David Nano: Occupies less than 2 KB of RAM and runs on the simplest controllers, such as the ARM Cortex-M0.
Computations: Linear computations. Strictly integer-based operations (int-only). No need for a hardware Floating Point Unit (FPU).
Training Efficiency: The model required only 300 iterations on 64 examples to reach a 96% accuracy plateau.
Resilience: The sensor can operate under conditions of chip degradation.
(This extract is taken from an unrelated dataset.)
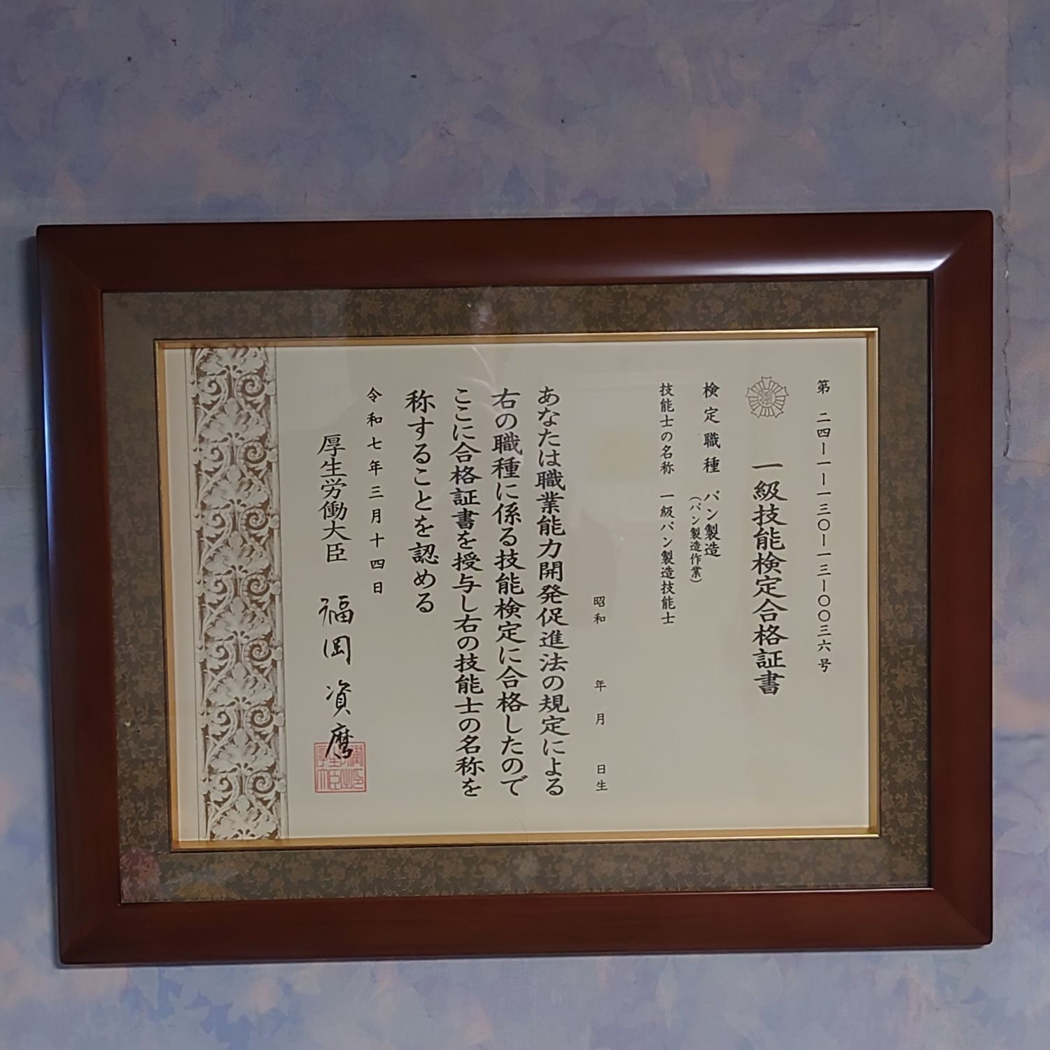 合格嬉しかったので一級技能士合格証書飾ってみました。 ちょと大げさかな

Porting this new architecture directly into the sensor offers hardware manufacturers the following advantages:

Cost Reduction: Enables the use of low-cost sensors.
Energy Efficiency: Due to integer-only operations and a low parameter count, energy consumption is reduced by orders of magnitude compared to classic DSP algorithms.
A New Class of Devices: The ability to create sensors that output high-quality analysis rather than just raw data.

This is extremely useful for deployment on the most constrained microcontrollers, wearable electronics, Industrial IoT (IIoT), and in harsh environments.

Collaboration

All experiments were conducted on synthetic data. If anyone has the opportunity to provide real sensor readings from similar domains for validation, I would be very grateful.

In general, I am actively looking for partners for further research and the implementation of this new architecture into real-world projects.

Kamil Gadeev Telegram

P.S. The article presents real experimental data based on synthetic datasets. The probability that real-world trials might reveal critical issues in the algorithm is non-zero. And that is exactly what makes it interesting.